Want different surfaces for different user roles? Spawn the MCP server with a role-scoped env var and conditionally register tools. An admin's chat sees delete_*; an analyst's chat doesn't.

This is the part teams who roll their own agent client get wrong. They put auth logic, scope logic, and rate limits inside the LLM-calling code. Then they have two truth-checkers for the same invariant — one in the agent layer, one in the API. MCP forces you to pick one place: the API layer, where it belongs.

Per-conversation isolation falls out for free

Each WebSocket spawns its own agent subprocess and its own MCP subprocess. Two operators in two tabs share zero state. When one disconnects, both subprocesses die. There's no in-memory session store to corrupt, no cross-conversation token leak, no "did I clear the history?" footgun. The OS does the isolation work.

Boundary 5: The API Doesn't Know the Agent Exists

The mutation endpoints the agent hits are the same ones a human-driven UI would hit. Append a contact. Log a fact. Edit a draft. Approve a draft.

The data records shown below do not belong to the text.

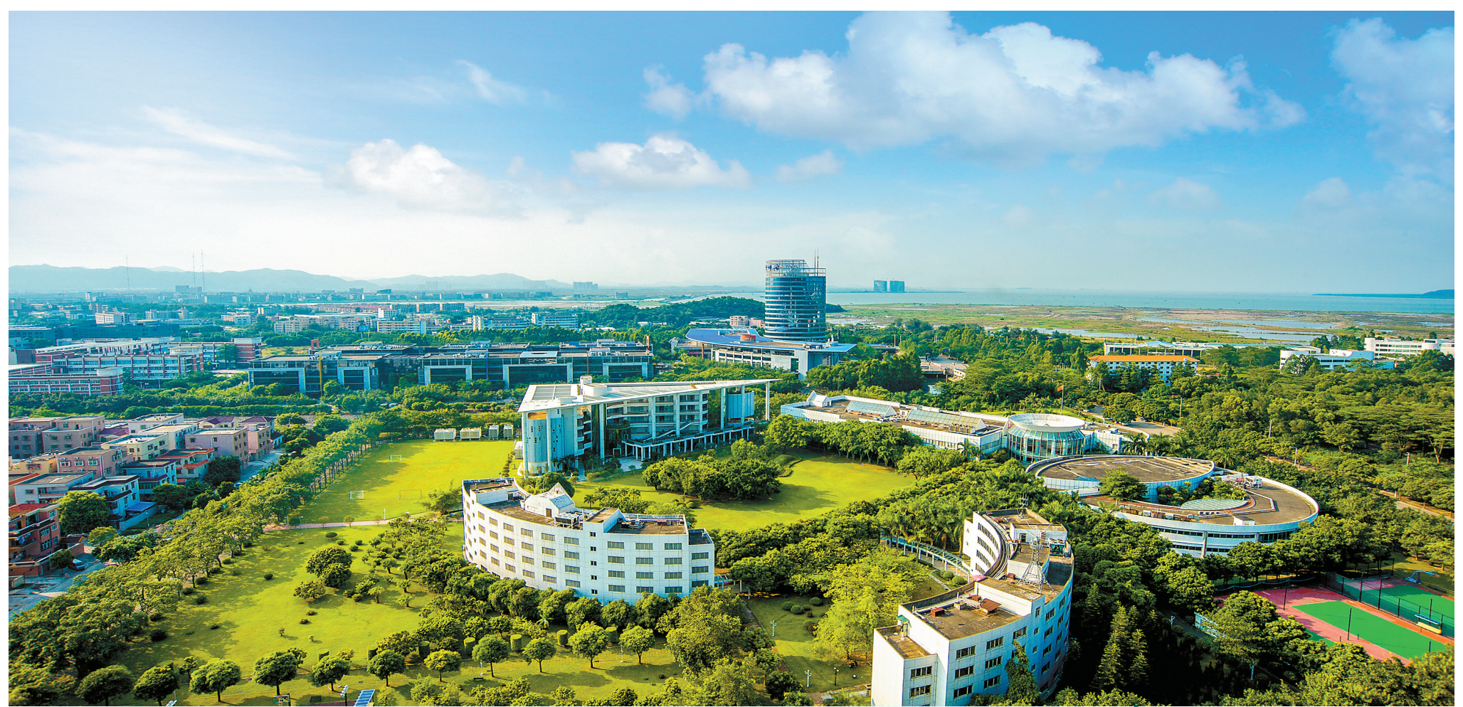
高新区深入实施创新驱动发展战略,大力发展民生事业,着力打造宜居宜业宜游优质生活圈。

2018年10月23日,举世瞩目的世纪工程港珠澳大桥正式开通;2019年2月,《粤港澳大湾区发展规划纲要》正式发布。在双重利好加持下,珠海迎来了前所未有的历史发展机遇,粤港澳大湾区建设就此迈进快车道,珠海高新区也按下了加入大湾区建设的“快进”键。
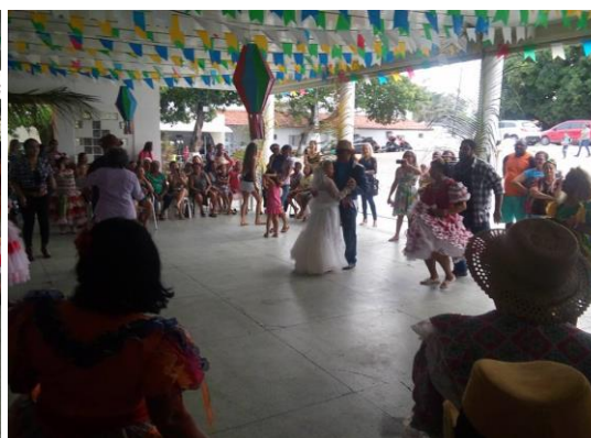
Quadrilha dos idosos
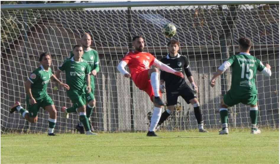
FCW—Fatih Spor Spaichingen 4:0

Korn, Recycling, Unter dem Malesfelsen 35-45, 72458 Albstadt
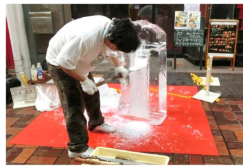
■劇北&レンガ通り☆夏まつり(8/6) 岐阜・愛知の菓子職人や調理師が参加した氷の彫刻展コンテスト。猛暑の中、1時間で作品を仕上げました。
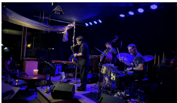
Festival Maski-Jazz, Saint-Gabriel

Cette initiative a obtenu un soutien financier du Programme de développement d'initiatives culturelles proposé par la MRC et le MCC.
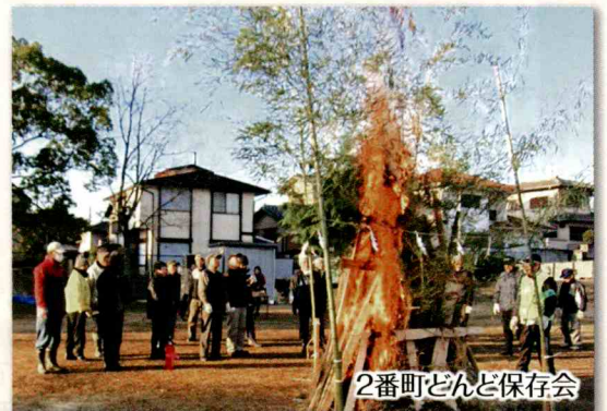
2番町どんど保存会
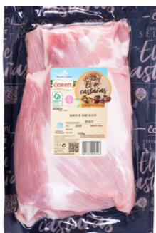
SECRETO CERDO SELECTA 163 ALIMENTADO CON CASTAÑA
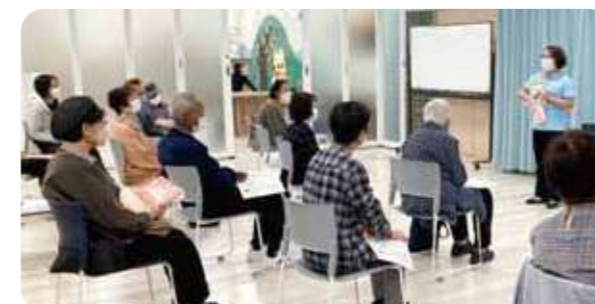
「健康チャレンジ運動コース」の取り組みとして「フレイル予防体操」を実施
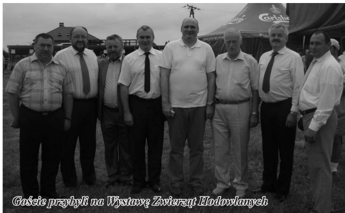
Goście przybyli na Wystawę Zwierząt Hodowlanych

Na IX Regionalną Wystawę Zwierząt Hodowlanych w Sierpcu przybyło dwudziestu ośmiu wyróżniających się
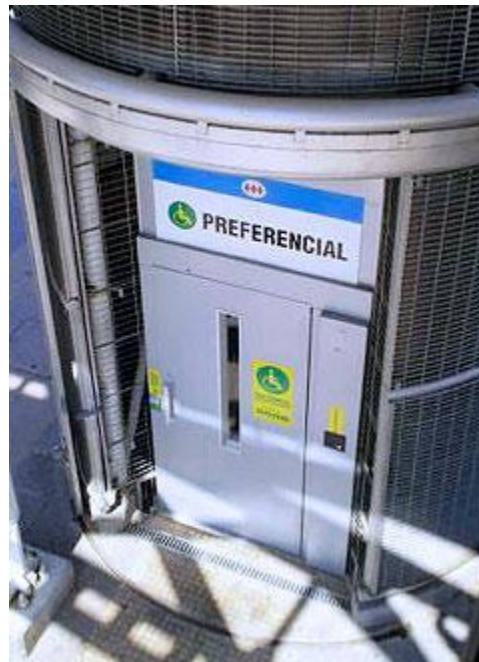
Imagen 3: Ascensor preferencial del Metro de Santiago.

Diagnóstico de Accesibilidad y de esta forma evaluar la implementación realizada y efectuar propuestas de arreglos concretos.
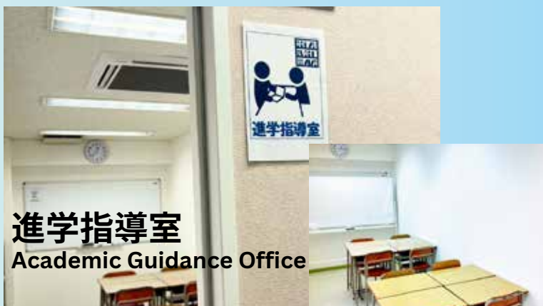
進学指導室 Academic Guidance Office
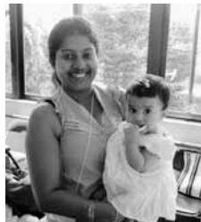
お子さんと一緒にパチリ♪
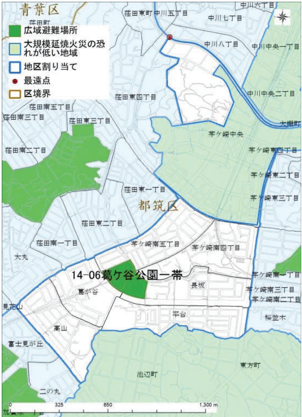
最遠点：広域避難場所の外縁部から直線距離で最も離れている地区割り当ての端点
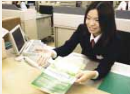
独自に作成した、一般家庭向けの「環境保全活動取り組みチェックシート」。

「きんしんエコロジー積金」では、加入者自らのCO 2 排出量削減活動も推奨。環境保全の輪の拡大に貢献している。
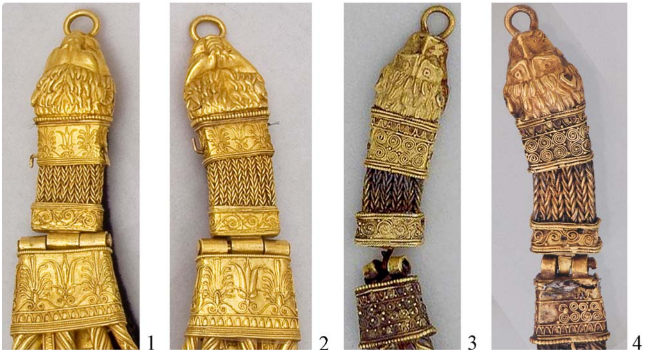
Рис. 2. Застібки пекторалей на шарнірному з'єднанні:

Порівняння шарнірних з'єднань обох пекторалей найбільш виразно демонструє різний рівень майстерності двох торевтів. Простота конструкції шарнірних петель, що складаються з трьох циліндричних трубочок, припаяних до обойм основного корпусу і застібок та з'єднаних стрижнем з розклепаними кінцями, не вимагала не тільки великого художнього хисту, а й якоїсь більш-менш значної вправності ремісника. Подібна задача була під силу навіть ювеліру-початківцю. Тим більше показова недбалість, з якою виконані ці деталі на пекторалі з Великої Близниці, навіть беручи до уваги прижиттєві пошкодження прикраси. Загальна довжина петель краще збереженого шарніру лівого боку (для носія) менша ширини зовнішнього краю обойми. Циліндри петель різного розміру і конфігурації та погано підігнані одне до одного, внаслідок чого в місці шарнірного з'єднання утворені добре помітні шпарини (рис. 2: 3, 4).
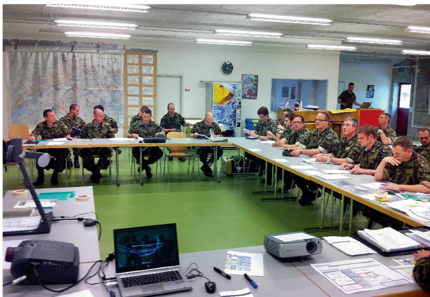
Abb. 2: Entschlussfassungsrapport mit den unterstellten Kommandanten.

In diesem Szenario muss die Flab gleichzeitig zwei Anforderungen gerecht werden. Erstens plant und führt die Luftwaffe die Luftverteidigung. Zwischen der Flab und den eigenen Fliegerkräften erfolgt zwangs-
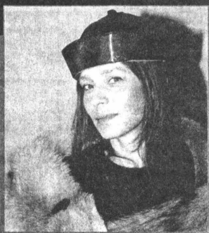
ленная больна раком... ОРТ, 13.15, понедельник.

Молодой человек поступает в театральный институт. Он талантлив, но шансов у него почти нет: он активно не нравится начальнице приемной комиссии. Что делать? Он решает соблазнить свою неприятельницу и неожиданно влюбляется в нее. Ему отвечают взаимностью, но вскоре выясняется, что его возлюб-
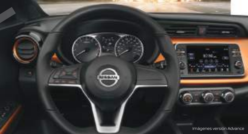
Imágenes versión Advance
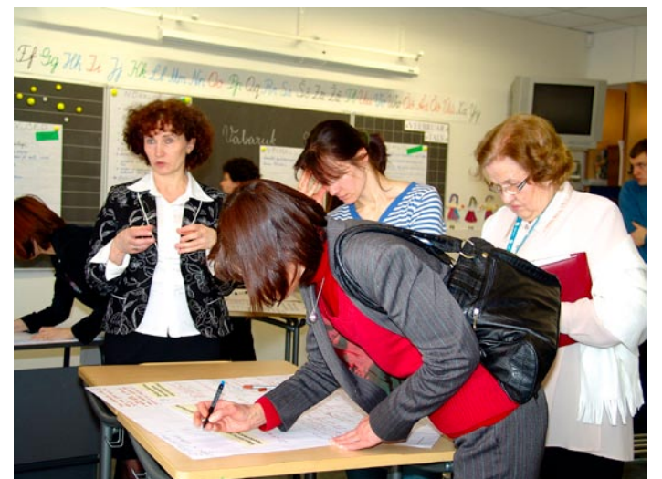
Huvilisi jätkus kõikidesse töötubadesse ning arutelud olid asjalikud ning huvitavad

Arengukava töörühma liikmed loodavad, et neil, kes on olnud protsessis ise aktiivselt osalised, on ka suurem vas-
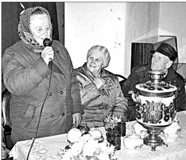
У микрофона — «золотые» юбиляры.

If you already have a REST or RPC layer for your product — and you do, because your normal frontend uses it — you don't write a single new endpoint for the agent. You expose the existing ones as MCP tools.

That's the secret to "tech-agnostic" working. Your FastAPI / Express / Rails / Django app doesn't change. It doesn't import an SDK. It doesn't know any of this is happening. The agent is just another HTTP client with its own user-agent string.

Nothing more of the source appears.